French aviator (1874–1911)

Pierre Marie Bournique (March 4, 1888 – May 18, 1911), known simply as Pierre Marie, was a pioneering French aviator from the region of Lorraine.

== Early life ==
Pierre-Marie-Joseph-Ernest Bournique was born on 4 March 1888, in Abreschviller, Lorraine (at the time annexed by Germany). He was the son of Joseph Bournique, a forestry manager. After completing his secondary education in Strasbourg, where he excelled in several sports, Bournique attended forestry management courses in Nancy from 1905 to 1906. He continued his studies in silviculture at Magdalen College, Oxford. He was recommended by the director of the Oxford forestry school and went to Vancouver, Canada, to gain practical experience at a forestry operation. He returned to Lorraine in May 1908 and worked in his father's forestry business.

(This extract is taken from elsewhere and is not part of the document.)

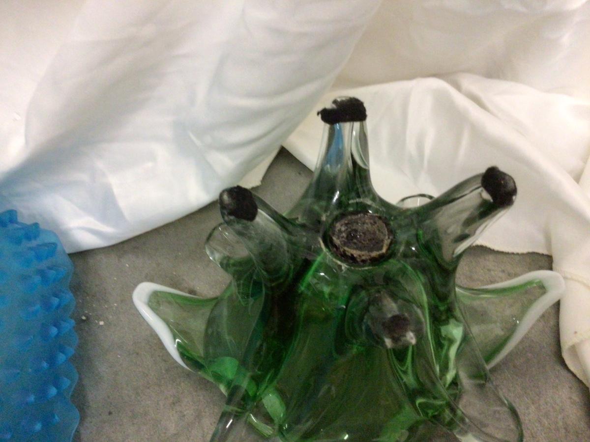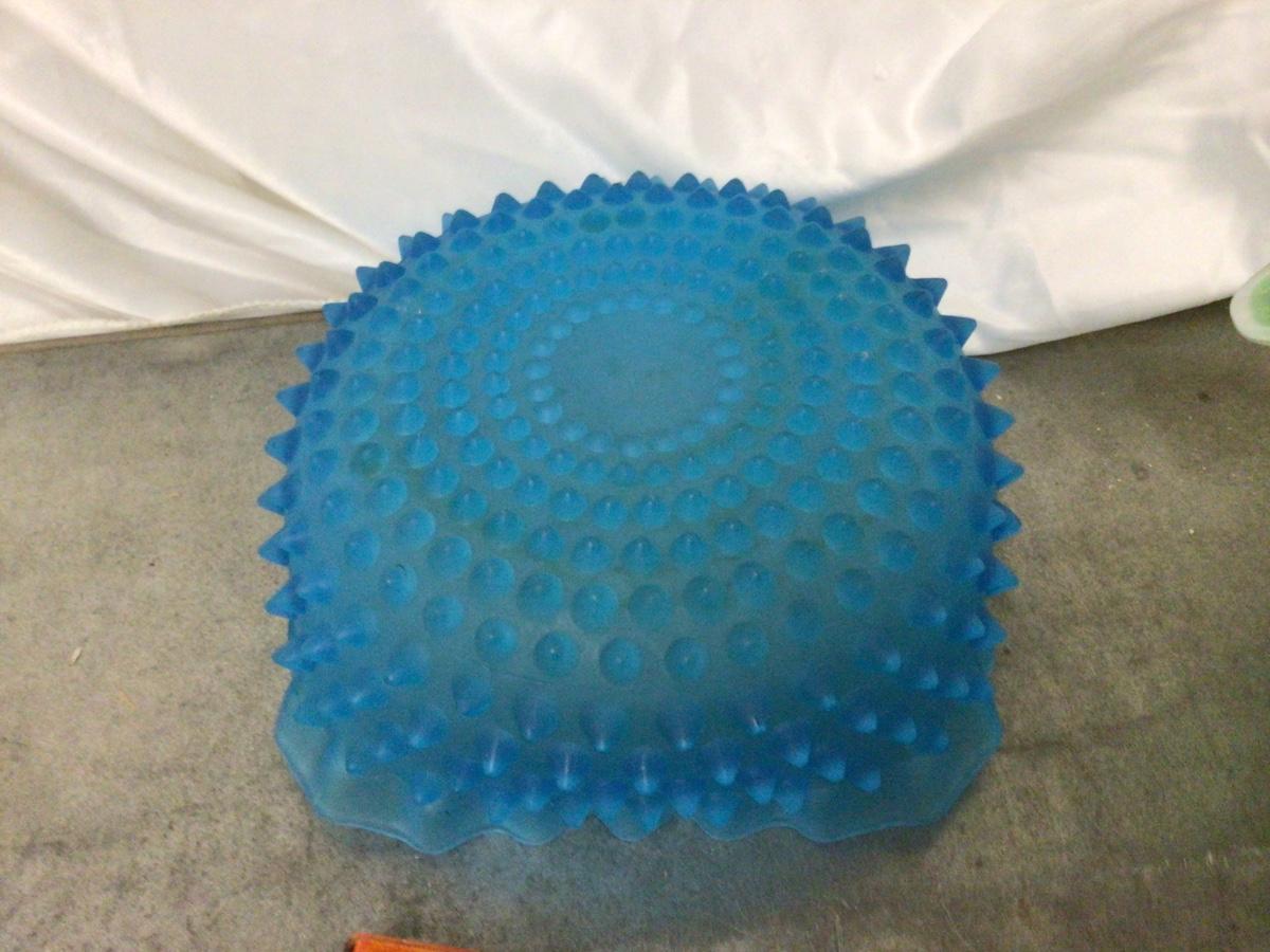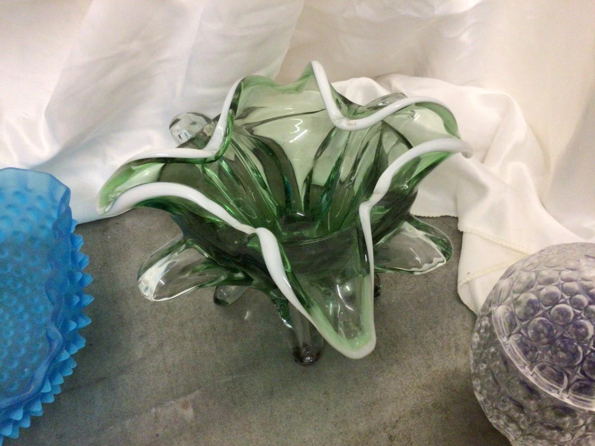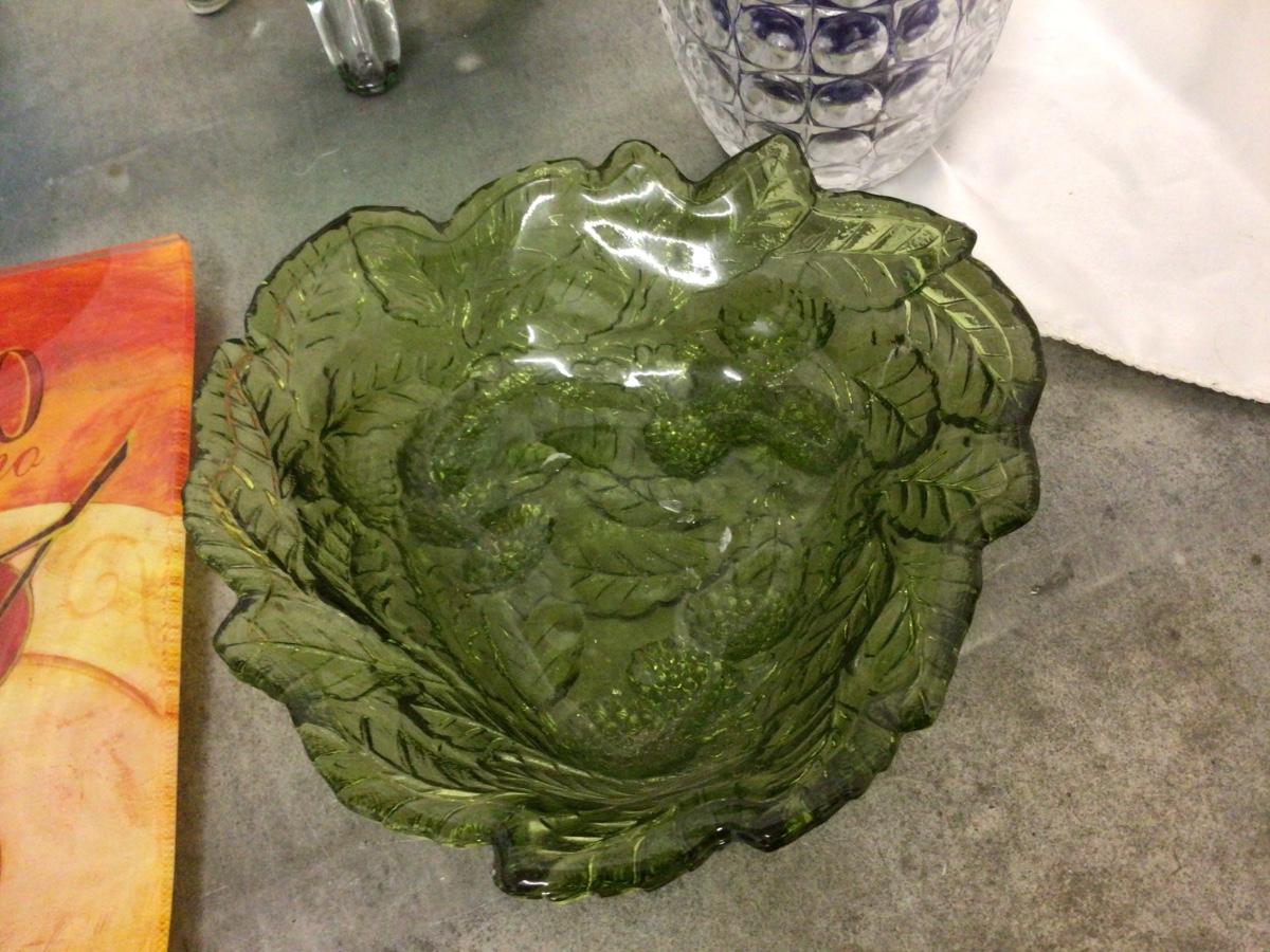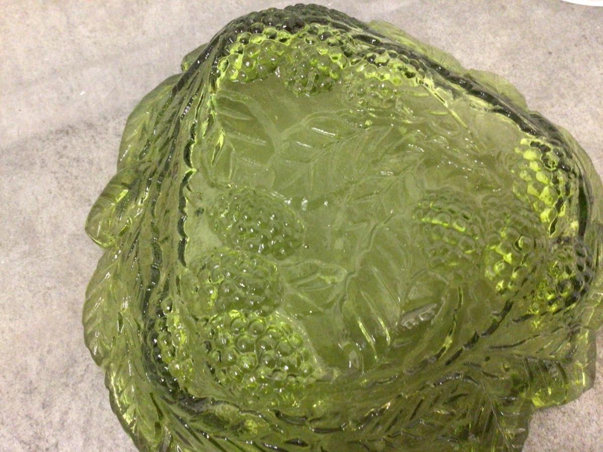 You get a great square bowl satin blue hobnail, green and white footed candy dish, reversed painted Italian glass tray, green glass bowl strawberry pattern and clear glass covered dish with blue stones. Bird on lid oc covered dish.

== Interest in aviation ==
Fascinated by the emerging field of aviation, Pierre-Marie Bournique decided to become a pilot. He obtained his pilot's license on July 19, 1910, at the Buc aerodrome near Versailles, flying a REP aircraft. Shortly afterward, he began working with the aircraft manufacturer Robert Esnault-Pelterie, flying around the Paris area. He was known in the media as "Pierre Marie." In February 1911, he began working for the aviation manufacturer Armand Deperdussin in Reims-Betheny.

== Achievements ==
On 13 February 1911, Pierre Marie set the world record flying 100 km with a passenger aboard a Deperdussin monoplane powered by a 100-horsepower Gnome engine. The record was widely celebrated in the media.

== Death ==
On 18 May 1911, Pierre Marie tragically died in a plane crash while flying to Mourmelon. The accident occurred shortly after takeoff, with a French army lieutenant on board.